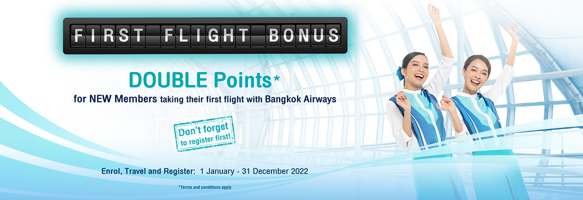 DOUBLE points are on offer for newly signed up members taking their first flight with Bangkok Airways who register for the promotion between 01 January and 31 December 2022.
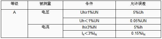 注:① UN為標稱電壓,Uh為諧波;IN為額定電流,Ih為諧波電流;② A級儀器頻率測量范圍為0~2500Hz,用于較精確的測量,儀器的相角測量誤差不大于±5°或±1°。B即儀器用于一般測量
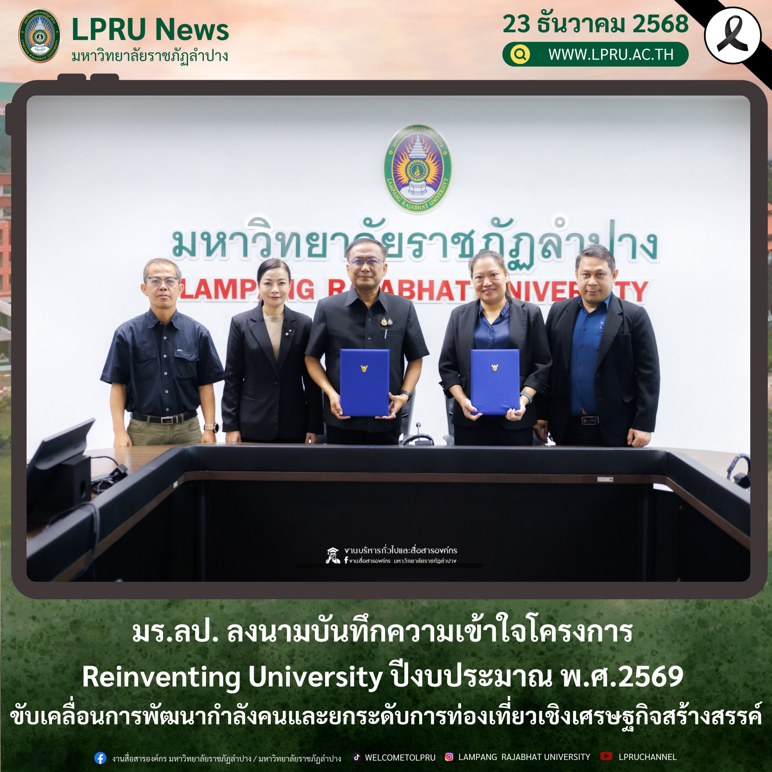 เมื่อวันที่ 23 ธันวาคม 2568 มหาวิทยาลัยราชภัฏลำปาง ได้ลงนามบันทึกความเข้าใจ (Memorandum of Understanding : MOU) โครงการพัฒนาความเป็นเลิศของสถาบันอุดมศึกษาและพัฒนากำลังคนขั้นสูง (Reinventing University) ประจำปีงบประมาณ พ.ศ. 2569 ร่วมกับสำนักงานปลัดกระทรวงการอุดมศึกษา วิทยาศาสตร์ วิจัยและนวัตกรรม (สป.อว.) โดย นายพันธุ์เพิ่มศักดิ์ อารุณี ผู้ช่วยปลัดกระทรวงการอุดมศึกษา วิทยาศาสตร์ วิจัยและนวัตกรรม ปฏิบัติราชการแทนปลัดกระทรวง ฯ กับ มหาวิทยาลัยราชภัฏลำปาง โดย รศ.ดร.กิตติศักดิ์ สมุทธารักษ์ อธิการบดีมหาวิทยาลัยราชภัฏลำปาง โดยมี ผศ.ณัฐนันท์ ฐิติยาปราโมทย์ ประธานหลักสูตรบริหารธุรกิจมหาบัณฑิตสาขาวิชาการบัญชี คณะวิทยาการจัดการ มหาวิทยาลัยราชภัฏลำปาง ลงนามเป็นพยาน ณ ห้องประชุมดอกปีบ ชั้น 2 อาคารสำนักงานอธิการบดีมหาวิทยาลัยราชภัฏลำปาง โดยบันทึกการลงนามดังกล่าวจะนำส่งให้กับทางสำนักงานปลัดกระทรวงการอุดมศึกษา วิทยาศาสตร์ วิจัยและนวัตกรรม (สป.อว.) เพื่อเซ็นลงนามในลำดับ ต่อไป
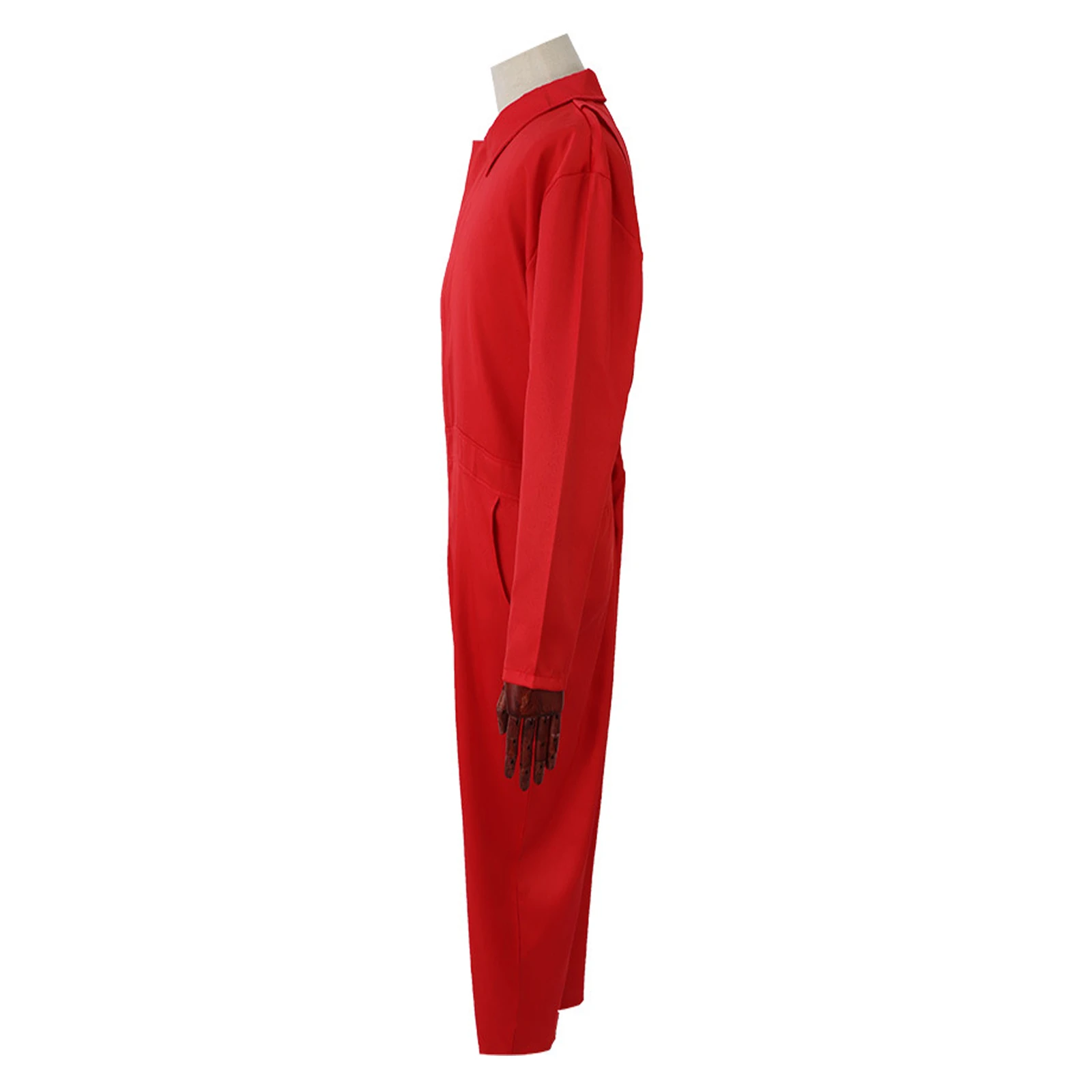 Filme eua traje vermelho macacão adulto bodysuit turn-down colarinho manga longa com máscara luvas roupa de halloween
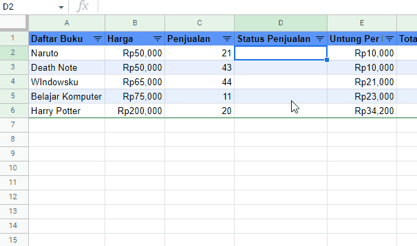 Pengembangan dan latihan: Lakukan merge untuk sel lainnya seperti nomor dan nama buku. Kemudian, buatlah agar tabel tersebut bisa di filter.
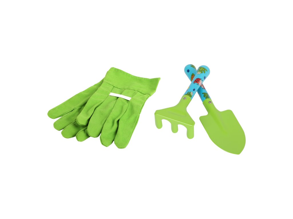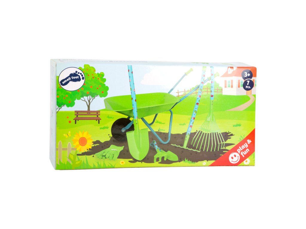 Hurá na zahradu! Mladí zahradkáři Vám rádi pomohou s touto velkou sadou zahradního nářadí. Stačí si nasadit rukavice a mohou začít motykou, hráběmi, rýčem, kolečkem a dalšími nástroji pomáhat a rozvíjet své zahradnické zkušenosti. Všechny díly jsou vyrobeny z vysoce kvalitního, jemně opracovaného kovu a díky svému dětskému designu a jarním barvám potěší každého malého zahrádkáře. Hlavní vlastnosti: součástí balení je vše dle obrázkuideální velikost pro dětirozvíjí motoriku, rovnováhu a vztah k příroděvyrobeno z kvalitních materiálů kovu a dřevakolečko má plastové kolo s pevnou bezvzduchovou gumovou pneumatikou
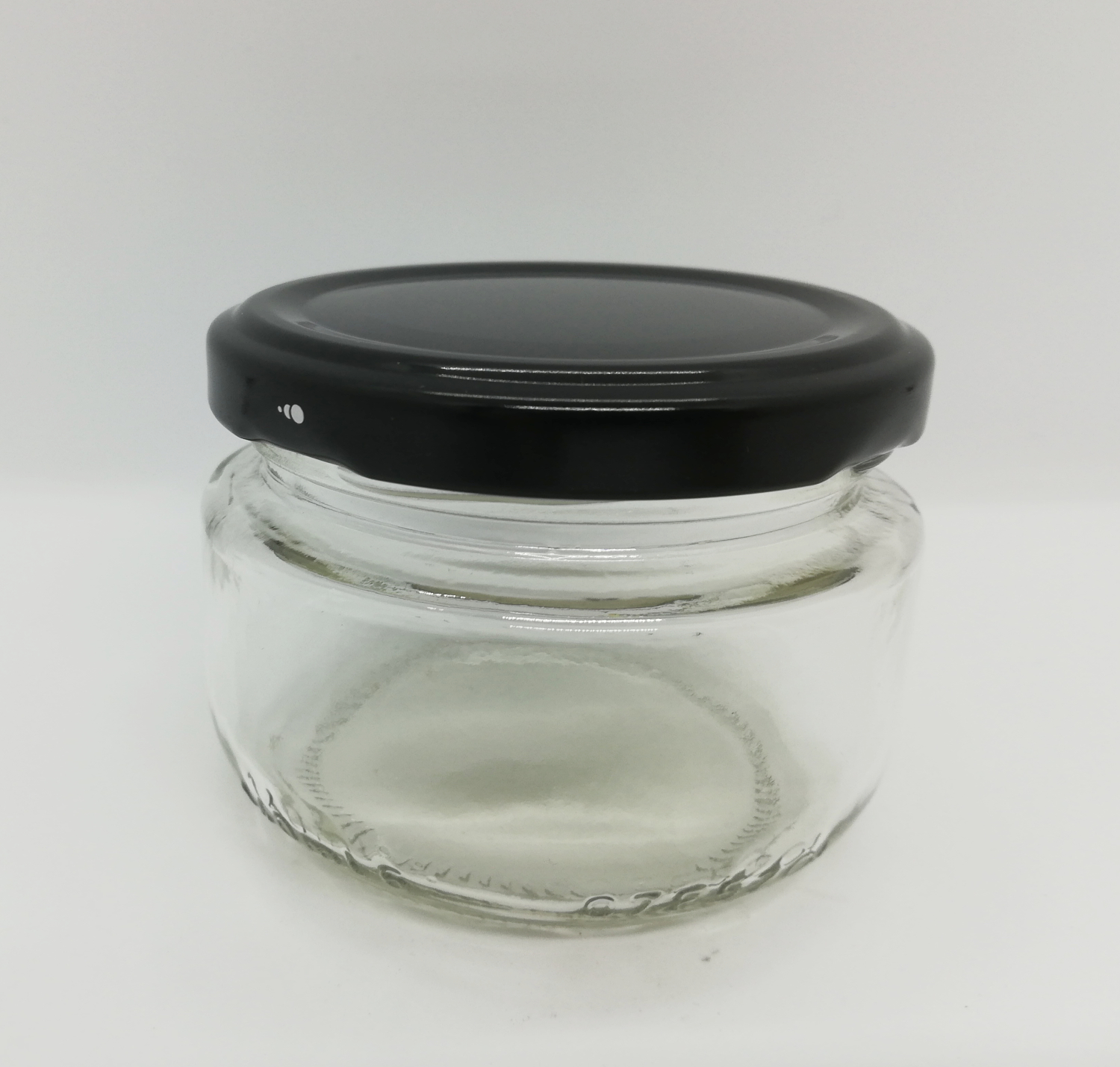 Frasco de vidro transparente com tampa preta
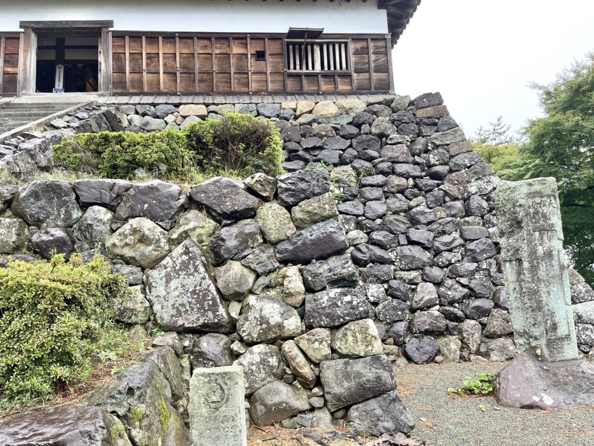 石垣があります。少し石が小粒で丸い印象がありますね。
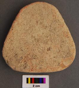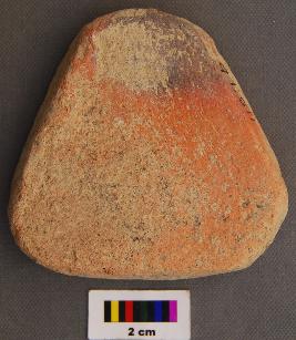 | Description / विवरण | It is a triangular terracotta cake with round corners. It is over fired. |
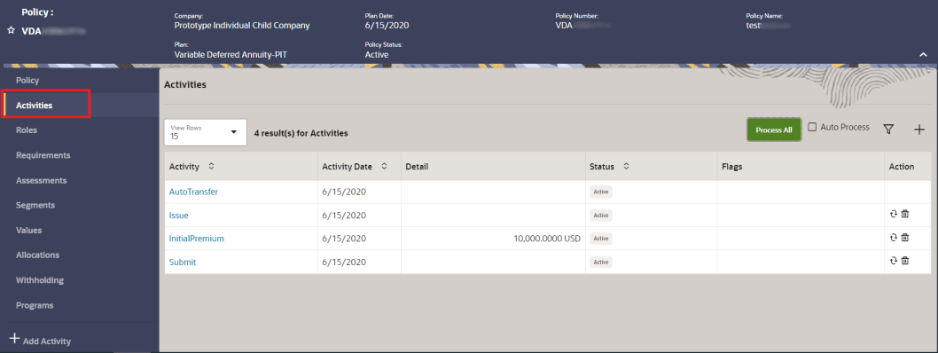 The Activities screen displays activities added to the policy. The view of the activities can be modified by activity status and date filters.
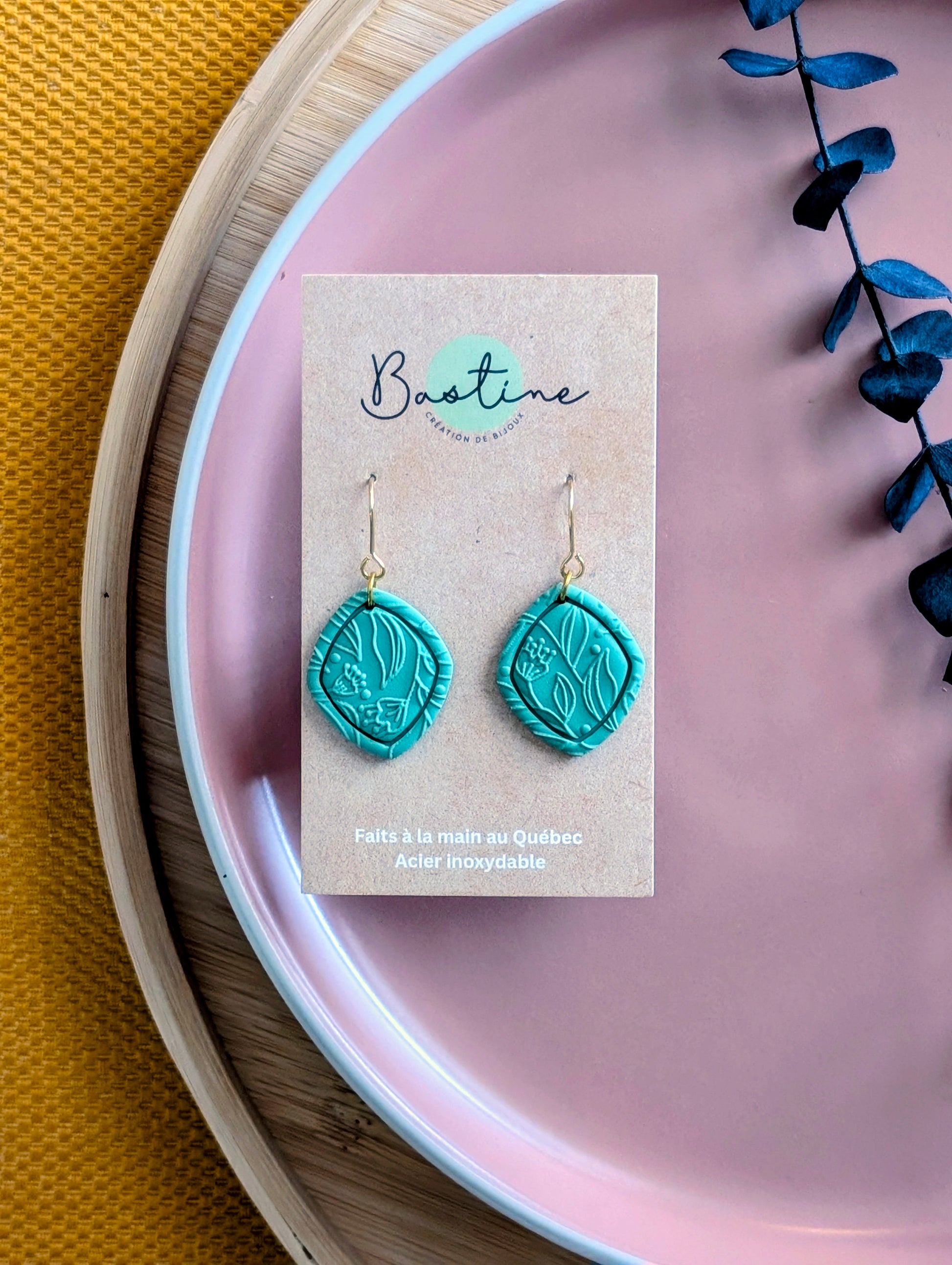 Karina sauge - Boucles d'oreilles pendantes en argile polymère et acier inoxydable hypoallergène

※ ※ ※

## DIRECTIONS FOR THIS TASK
Write the entries out again word for word. Omit all pictures from them.

## EXPECTED ANSWER
 DOUBLE points are on offer for newly signed up members taking their first flight with Bangkok Airways who register for the promotion between 01 January and 31 December 2022.
 注:① UN為標稱電壓,Uh為諧波;IN為額定電流,Ih為諧波電流;② A級儀器頻率測量范圍為0~2500Hz,用于較精確的測量,儀器的相角測量誤差不大于±5°或±1°。B即儀器用于一般測量
 เมื่อวันที่ 23 ธันวาคม 2568 มหาวิทยาลัยราชภัฏลำปาง ได้ลงนามบันทึกความเข้าใจ (Memorandum of Understanding : MOU) โครงการพัฒนาความเป็นเลิศของสถาบันอุดมศึกษาและพัฒนากำลังคนขั้นสูง (Reinventing University) ประจำปีงบประมาณ พ.ศ. 2569 ร่วมกับสำนักงานปลัดกระทรวงการอุดมศึกษา วิทยาศาสตร์ วิจัยและนวัตกรรม (สป.อว.) โดย นายพันธุ์เพิ่มศักดิ์ อารุณี ผู้ช่วยปลัดกระทรวงการอุดมศึกษา วิทยาศาสตร์ วิจัยและนวัตกรรม ปฏิบัติราชการแทนปลัดกระทรวง ฯ กับ มหาวิทยาลัยราชภัฏลำปาง โดย รศ.ดร.กิตติศักดิ์ สมุทธารักษ์ อธิการบดีมหาวิทยาลัยราชภัฏลำปาง โดยมี ผศ.ณัฐนันท์ ฐิติยาปราโมทย์ ประธานหลักสูตรบริหารธุรกิจมหาบัณฑิตสาขาวิชาการบัญชี คณะวิทยาการจัดการ มหาวิทยาลัยราชภัฏลำปาง ลงนามเป็นพยาน ณ ห้องประชุมดอกปีบ ชั้น 2 อาคารสำนักงานอธิการบดีมหาวิทยาลัยราชภัฏลำปาง โดยบันทึกการลงนามดังกล่าวจะนำส่งให้กับทางสำนักงานปลัดกระทรวงการอุดมศึกษา วิทยาศาสตร์ วิจัยและนวัตกรรม (สป.อว.) เพื่อเซ็นลงนามในลำดับ ต่อไป
 Filme eua traje vermelho macacão adulto bodysuit turn-down colarinho manga longa com máscara luvas roupa de halloween
 Pengembangan dan latihan: Lakukan merge untuk sel lainnya seperti nomor dan nama buku. Kemudian, buatlah agar tabel tersebut bisa di filter.
 Hurá na zahradu! Mladí zahradkáři Vám rádi pomohou s touto velkou sadou zahradního nářadí. Stačí si nasadit rukavice a mohou začít motykou, hráběmi, rýčem, kolečkem a dalšími nástroji pomáhat a rozvíjet své zahradnické zkušenosti. Všechny díly jsou vyrobeny z vysoce kvalitního, jemně opracovaného kovu a díky svému dětskému designu a jarním barvám potěší každého malého zahrádkáře. Hlavní vlastnosti: součástí balení je vše dle obrázkuideální velikost pro dětirozvíjí motoriku, rovnováhu a vztah k příroděvyrobeno z kvalitních materiálů kovu a dřevakolečko má plastové kolo s pevnou bezvzduchovou gumovou pneumatikou
 Frasco de vidro transparente com tampa preta
 石垣があります。少し石が小粒で丸い印象がありますね。
 | Description / विवरण | It is a triangular terracotta cake with round corners. It is over fired. |
 The Activities screen displays activities added to the policy. The view of the activities can be modified by activity status and date filters.
 Karina sauge - Boucles d'oreilles pendantes en argile polymère et acier inoxydable hypoallergène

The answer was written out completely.